State-run power producer NTPC is likely to move the Supreme Court this week to get Reliance Industries Ltd to execute a gas supply contract, even as the Mukesh Ambani-led firm is reported to have agreed to provide the contracted gas to NTPC's three units at the government-set price.
While the government-appointed ministerial group had approved a price of $4.2 per mmBtu for RIL gas from the Krishna-Godaveri basin in the east coast, RIL had already contracted to supply 12 million cubic metres of gas per day to NTPC's Anta, Auraiya, Dadri and Faridabad projects for $2 per mmBtu.
NTPC is expected to file a special leave petition before the Supreme Court after solicitor-general Gopal Subramanium told the government that it "cannot destroy the case of NTPC or any other PSU," and advised it to find a solution to the gas supply row.
RIL, which is fighting an similar challenge from Anil Ambani group firm RNRL, is reported to have informed the petroleum ministry that it has resolved the issues related to the supply of gas from its KG-D6 facility to NTPC's plants at Anta, Auraiya, Dadri and Faridabad.
NTPC is expected to file a petition challenging last month's order of the Bombay High Court that allowed RIL to amend its written submissions relating to the price at which RIL would supply gas to two other NTPC plants at Kawas and Gandhar in Gujarat.
Also, there were differences over payment of marketing margin and end-use of gas.
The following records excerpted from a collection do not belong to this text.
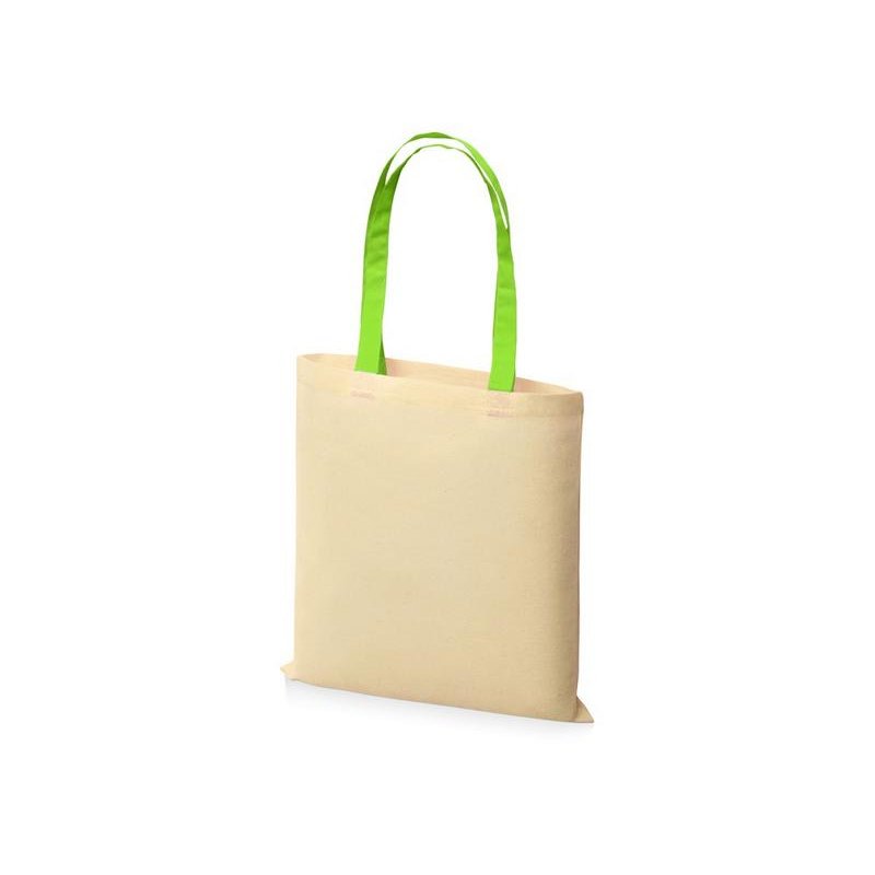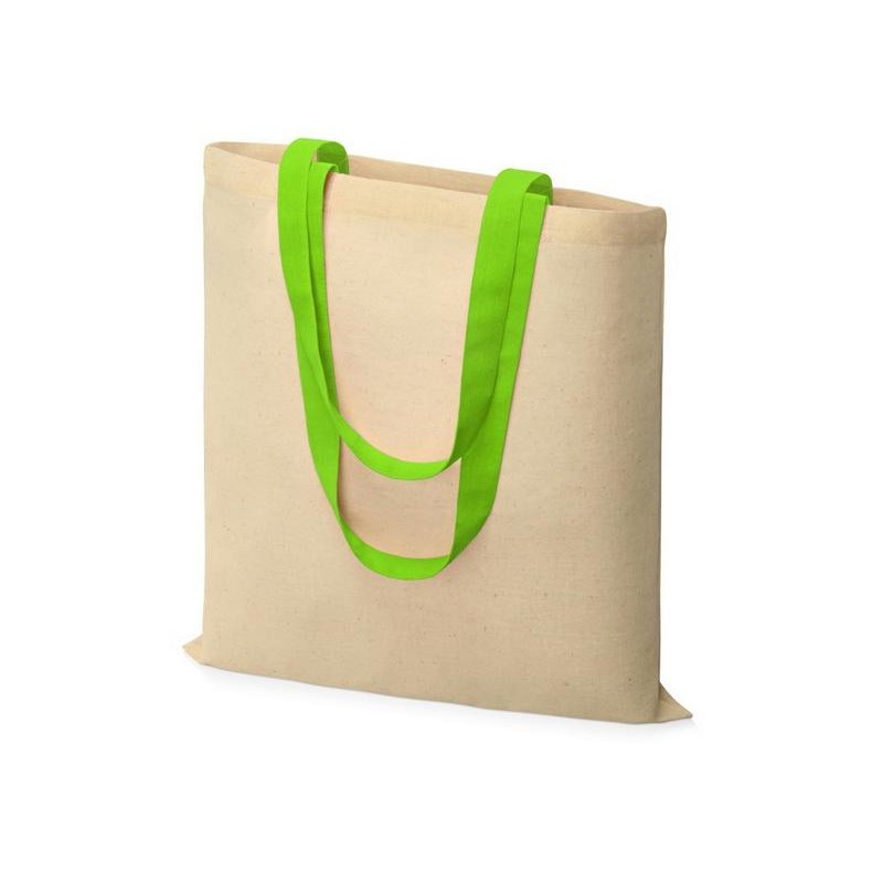 Хлопковая сумка c цветными ручками удобна для покупок благодаря легкости и вместительности. Высота ручек 29 см.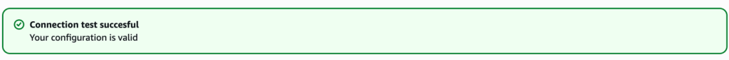 Hình 3: Biểu ngữ thành công màu xanh lá cây hiển thị “Connection test successful” với biểu tượng dấu kiểm, xác nhận cấu hình AWS hợp lệ.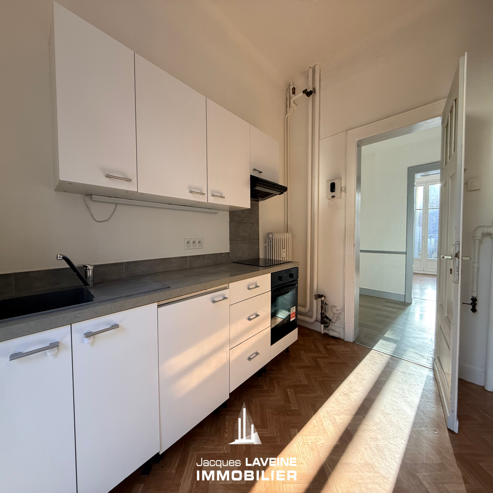 OPPORTUNITÉ JLI! Emplacement de qualité, à proximité immédiate de la Gare et des accès autoroutiers, dans bel immeuble de caractère des années 1920, appartement de 107,70m² au premier étage en parfait état! il comprend une vaste entrée desservant en étoile, un séjour, trois chambres, un bureau, une salle de bain-wc, une cuisine équipée avec accès balcon. Au sous-sol une cave. Double vitrage, chauffage collectif urbain. Belle vue dégagée. A saisir!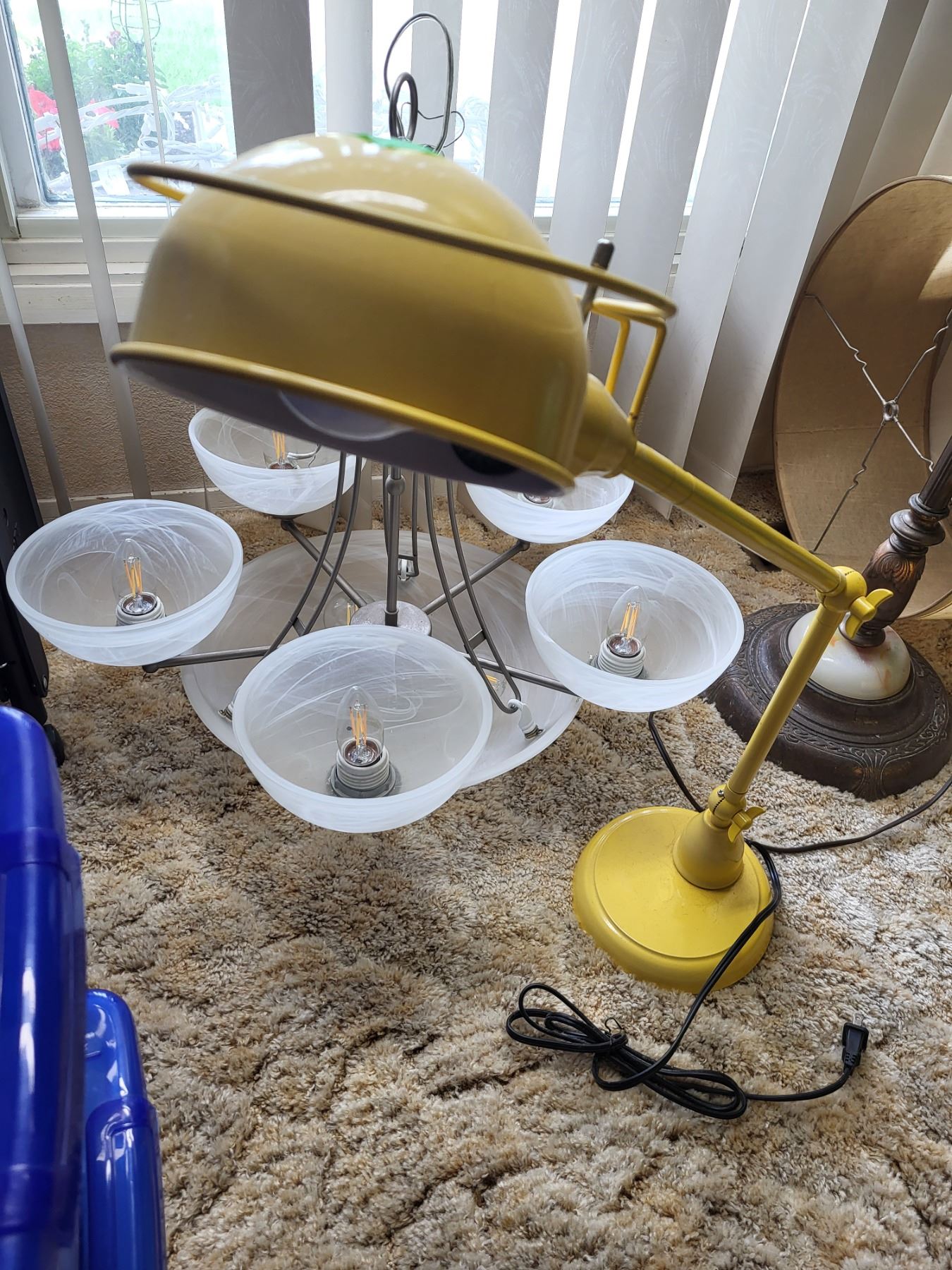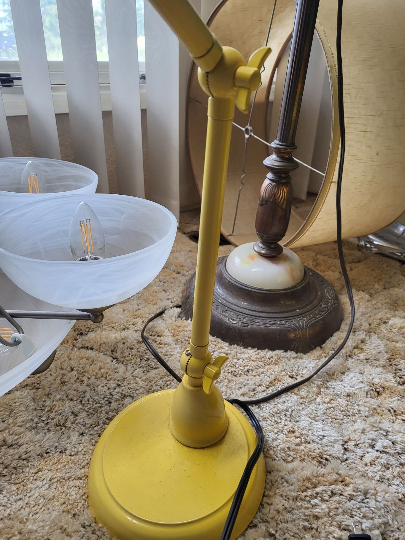 Unique Yellow Industiral Style Accent, Desk or Table Lamp - Working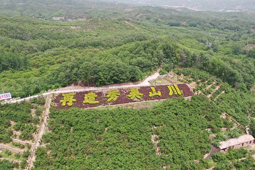身為林果技術員的郭海慶每次到果園勞作,總喜歡在生態旅游景區的觀光平臺駐足享受幾分鐘。層層疊疊的水平溝向外延伸,各色水果彰顯著前南峪人戰天斗地的昂揚精神和艱苦奮斗的不止腳步;不遠處用常青小柏樹栽植而成的“再造秀美山川”六個綠色大字格外醒目,濃縮著前南峪人尊重自然、生態優先,像保護眼睛一樣保護生態環境的持久實踐。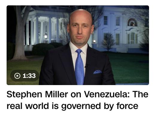 "Можна скільки завгодно говорити про міжнародні пристойності і все інше, проте ми живемо у світі, у реальному світі, який керується силою та могутністю. Це залізні закони світу", - сказав він, відповідаючи на запитання про те, чи є в.о. президента Венесуели Делсі Родрігес главою держави.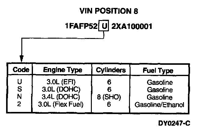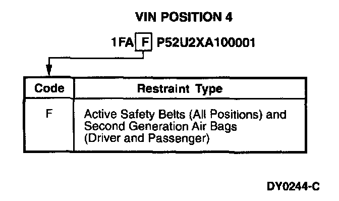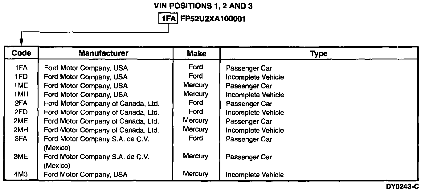 The Vehicle Identification Number (VIN) is a 17-character alpha-numeric vehicle identification number. This number is used for warranty identification of the vehicle and indicates the following: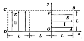 3、计算题 如图所示为研究电子枪中电子在电场中运动的简化模型示意图.在Oxy平面的ABCD区域内,存在两个场强大小均为E的匀强电场Ⅰ和Ⅱ,两电场的边界均是边长为L的正方形(不计电子所受重力).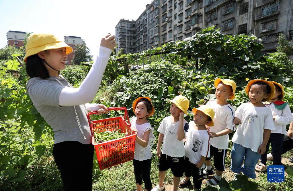 7月20日,夏令营的老师在菜园里向小朋友介绍蔬菜知识。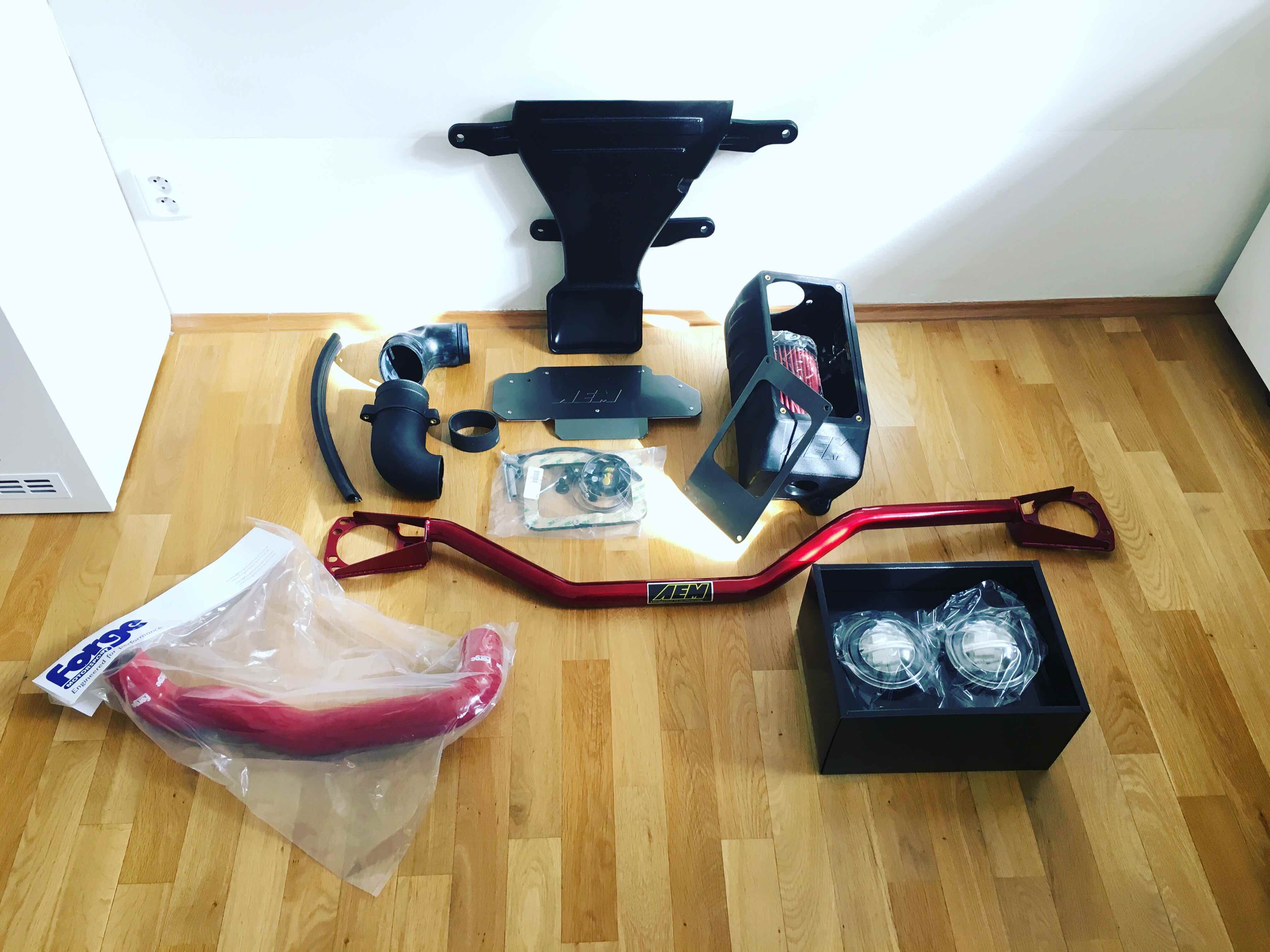 Už je objednaný GP2 difuzor, downpipe, AEM air intake sys, ledkové mlhovky, turbo muffler delete pipe a přední rozpěrná tyč :-)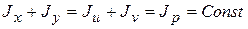 Сумма осевых моментов инерции сечения при повороте осей не меняется и определяется законом постоянства суммы осевых моментов инерции: сумма осевых моментов инерции относительно любых взаимно перпендикулярных центральных осей равна сумме главных моментов инерции относительно главных центральных осей и есть величина постоянная, равная полярному моменту инерции сечения относительно этих взаимно перпендикулярных осей.

Reports said NTPC was not willing to pay marketing margin of $ 0.17 per unit of gas as demanded by RIL.
The government expects RIL to supply gas to the NTPC plants at the government-approved price of $4.2 per mmBtu and the state-run power utility is entitled to 2.7 million metric standard cubic metres per day (mmscmd) under the gas utilisation policy of the government.